L’omicidio di corso Umberto a Casal Di Principe. Dopo oltre 20 anni, sotto accusa il killer Giuseppe Setola e i fratelli Aniello e Raffaele Bidognetti

12 Agosto 2020 - 16:47

CASAL DI PRINCIPE (Tina Palomba) – Il 20 luglio di 23 anni fa, un giovane manovale fu freddato con due colpi di pistola alle spalle mentre passeggiava sul Corso Umberto di Casal Di Principe. A distanza di tanto tempo il colpo di scena,  la verità sarebbe venuta a galla sugli autori del delitto di Domenico Zippo, firmato anche questo dal clan dei Casalesi. E’ stata fissata l’udienza preliminare per il 5 novembre prossimo presso il tribunale di Napoli per i presunti autori dell’omicidio. Secondo le accuse della Dda di Napoli, il pubblico ministero Simona Belluccio sono finiti sotto accusa: Aniello Bidognetti, difeso dall’avvocato Emilio Martino, il fratello attuale collaboratore di giustizia Raffaele Bidognetti, difeso dall’avvocato Giuseppe Tessitore, Giuseppe Dell’Aversano, difeso dall’avvocato Paolo Caterino, e Giuseppe Setola, difeso dall’avvocato Paolo Di Furia.
All’epoca, il delitto del giovane Zippo, dagli inquirenti fu inquadrato nell’ambito della faida tra il gruppo Bidognetti e Schiavone. Il giorno prima dell’uccisione del manovale, sempre a Casal di Principe e sempre sul corso Umberto, era stato ucciso nella sua auto, Nicola Cirillo detto Nicola o’scuppettiere. Cirillo, un dipendente comunale già condannato nel 1980 per estorsione e rapina, che secondo gli inquirenti era legato al clan di Francesco Bidognetti, era sulla sua auto, ferma davanti al semaforo rosso. Proprio lì lo attese il suo assassino e fece fuoco sulla sua Mercedes. Zippo, stessa sorte, ucciso per mano di un killer solitario. Determinante per la ricostruzione del delitto del manovale  è stata la confessione del pentito Raffaele Bidognetti. Un ruolo di primo piano nel delitto fu affidato, secondo le accuse di Bidognetti, al super killer Giuseppe Setola. Oggi Setola è detenuto al carcere duro nel penitenziario de L’Aquila. Colui che fu anche chierichetto in chiesa, condannato come lo spietato esecutore delle stragi di Castel Volturno e di tanti omicidi, da ragazzo frequentava proprio l’Azione cattolica, dove qualche volta serviva Messa. Poi, il passaggio veloce nelle fila del clan dei Casalesi dove ricevette subito il mandato di super killer.

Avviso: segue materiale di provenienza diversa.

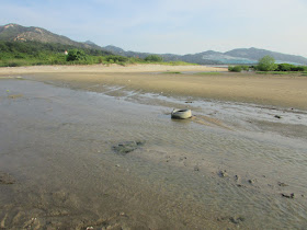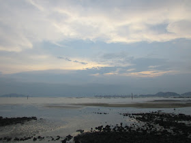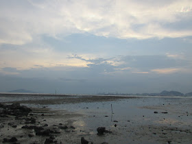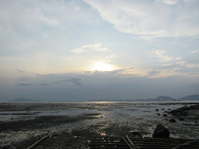雖然沒有看到日落,但也有走到下白泥的天涯海角,那裡與屯門稔灣堆填區只是一河之隔,沿海邊走,也需穿越一段泥灘及長約三百米的亂石堤圍才到達,總算是另一個收獲了!
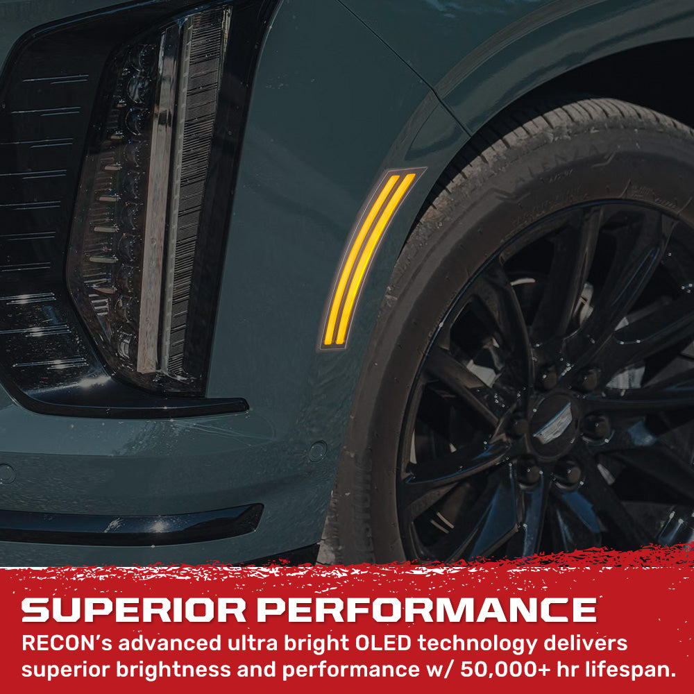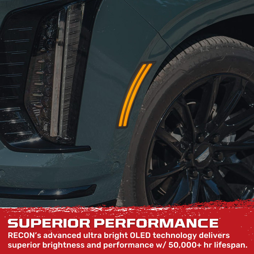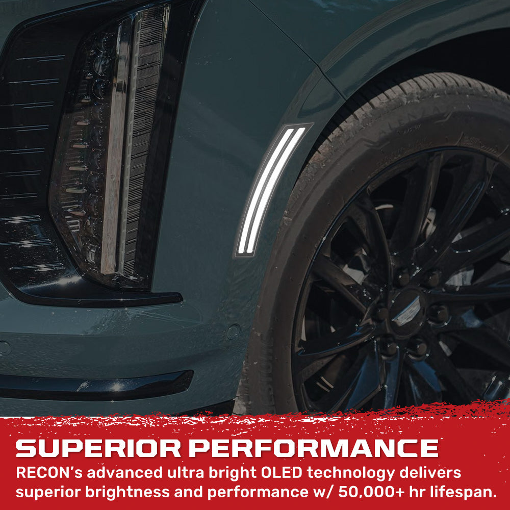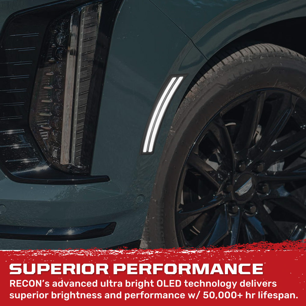 RECON - Cadillac 2025-2026 Escalade & GMC 2025-2026 Yukon, Yukon XL, Yukon Denali & 2025-2026 Chevy Tahoe/Suburban Front Fender Lenses Ultra Bright OLED Lights - Multiple Options

Tanti omicidi prima dell’arresto e dopo la fuga, nel corso della latitanza.  Tra un omicidio e l’altro il boss banchettava in un noto ristorante napoletano, “L’Aramacao” sul lago d’Averno, dove una società ‘Country Club’ nel 1991, tramite Gennaro Cardillo, imprenditore napoletano (già condannato perché considerato prestanome del boss Setola del clan dei Casalesi)  aveva acquistato il noto locale sullo specchio d’acqua citato da Virgilio nell’Eneide. Nel curriculum criminale di Setola non è mancato proprio nulla, insomma, come l’eclatante fuga a bordo di un monopattini nelle fogne di Trentola o le foto che lo ritraevano bendato con un bastone per far credere che fosse cieco. Ora vive al 41 bis nel carcere duro aquilano con tutte le super super meritate restrizioni del caso.